Quantitative research is a field of inquiry that emphasizes numbers, is often deductive in nature, concentrates on hypotheses testing, and aims to uncover causal connections between different phenomena as well as to make generalizations.
Quantitative research is often associated with a positivist paradigm. Positivists tend to see the social world as existing objectively and independently from the researcher. According to this paradigm, research should be conducted in a detached, impersonal way. Quantitative methods usually focus on testing theories as opposed to the qualitative approach, which is often more concerned with theory generation.
Main methods of data collection in quantitative research include experiments, surveys, structured interviews, structured observation, and various sources of secondary data. Experiments are characterized by an artificially created setting and an opportunity to control the experiment conditions. Two groups are normally used in experiments—a test group and a control group. Cases are assigned to the groups randomly. Although very useful and most similar to natural sciences in methodology, experiments have only limited applicability in business research and social sciences in general because of various ethical and practical issues. There also exist so-called quasi-experiments in which the groups emerge in a natural way rather than artificially, and the researcher has no power in assigning participants or cases to the groups.

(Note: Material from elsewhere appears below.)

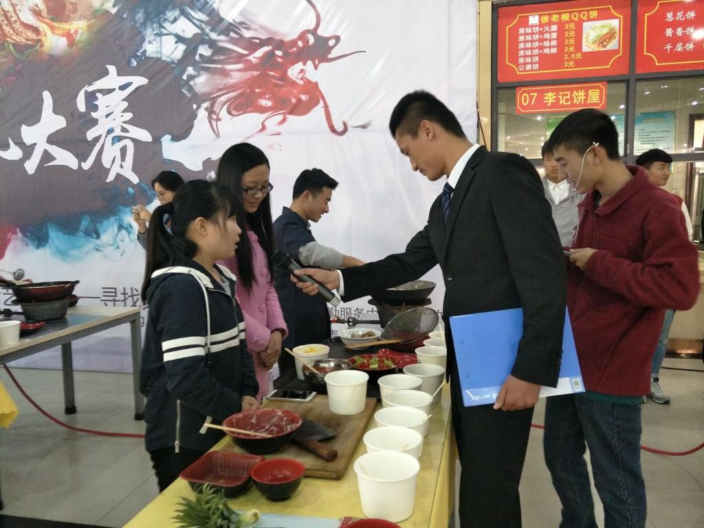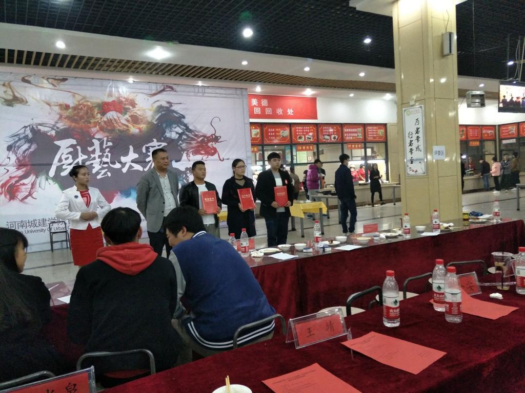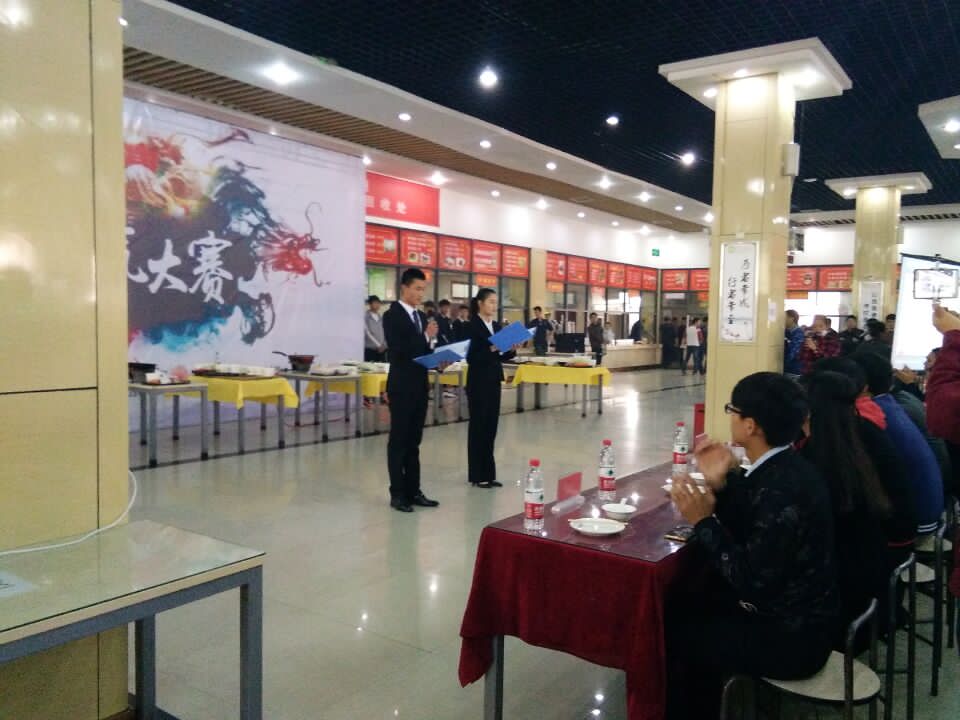 比赛开始前,先由一支动感开场舞,引爆全场气氛。舞毕后,由主持人介绍了到场的嘉宾评委,然后由后勤服务中心主任、处长张奉举致开幕词。随后,由河南城建学院副校长赵金安教授宣布比赛正式开始。伴随着热烈的掌声,各个参赛队伍依次登场,并且按照顺序介绍和制作本团队的菜肴,大家各展身手,相互默契配合,现场气氛紧张而激烈。在比赛进行的过程中,主持人还不忘给观众送福利,在微信公众号上随机抽取的幸运儿,可以品尝现场的美味佳肴或获得代金券一张。最后,我院33号参赛队伍小半小组表现出色并取得了二等奖的优异成绩。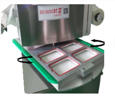 机械特点:该机设想新鲜,可密封PP,产量高,一个轮回可同时密封多个托盘,

Surveys are among the most popular methods of data collection in business research. They are conducted by mail or via the telephone; lately, Web-based and email surveys are also becoming increasingly popular. A survey contains a predefined list of answers, so it is in effect a multiple-choice questionnaire. The questions embrace several interconnected topics, and the aim is usually to test multiple hypotheses. The answers are then coded, entered into statistical software, and subsequently treated as quantitative data.
Structured interviews are very similar to surveys. Just like surveys, they contain a predefined set of answers. What is different is that a researcher asks the questions rather than gives out questionnaires for respondents to fill in, and has an opportunity to clarify any issues if necessary.
Structured observation (also sometimes referred to as systematic observation) is a technique that emphasizes documenting observed behavior under explicitly formulated rules. This approach differs significantly from unstructured observation, which is common for qualitative research. Rules in structured observation help the researcher to pay attention to and record exactly those aspects of participants’ behavior that are relevant for answering the research questions. The resulting data can then be coded in a way similar to that of the survey and analyzed statistically.
Content analysis is an approach to the document analysis that aims to quantify content in terms of predefined categories. Words or phrases can be chosen as the units of analysis. This approach is often used to determine the amount of attention paid to a particular topic in news or other media.
Secondary data are data that have been collected by someone other than a researcher conducting the study—often they come from government or statistical bodies, the media, or other researchers. Sometimes secondary data are used in combination with primary data within the same research project.
Main methods of quantitative data analysis include univariate, bivariate, and multivariate statistics. In univariate methods, a single variable at a time is analyzed. Frequency tables display the number of observations and the percentage belonging to each category. Bar charts and pie charts are the most popular methods for visualizing frequency tables. Common methods in univariate data analysis include measures of the central tendency (arithmetic mean, median, and mode) that show a typical value for a given distribution; measures of dispersion (such as range, variance, and standard deviation) characterize variation in a distribution of values.
Bivariate analysis explores two variables at a time to establish if they are related. Contingency tables are similar to frequency tables, but they permit analysis of two variables simultaneously. Pearson’s correlation coefficient is an important method of bivariate analysis. It indicates the strength and the direction of a relationship between two variables. The coefficient lies between 0 and 1, and the closer it is to 1, the stronger the relationship is. Correlation coefficient does not say anything about causality.
Multivariate analysis refers to statistical techniques that simultaneously analyze more than two variables. Some multivariate techniques are just extensions of univariate (such as distributions) and bivariate methods (such as correlation, analysis of variance, regression). Other techniques, such as factor analysis, are uniquely designed to deal with multivariate data.
- Bryman and E. Bell, Business Research Methods (Oxford University Press, 2007);
- John W. Creswell, Research Design: Qualitative, Quantitative, and Mixed Methods Approaches (Sage, 2009);
- Hair et al., Multivariate Data Analysis (Pearson Prentice Hall, 2006);
- Tharenou et al., Management Research Methods (Cambridge University Press, 2007);
- Donald J. Treiman, Deirdre D. Johnston, and Thomas J. Grites, Quantitative Data Analysis: Doing Social Research to Test Ideas (Jossey-Bass, 2008).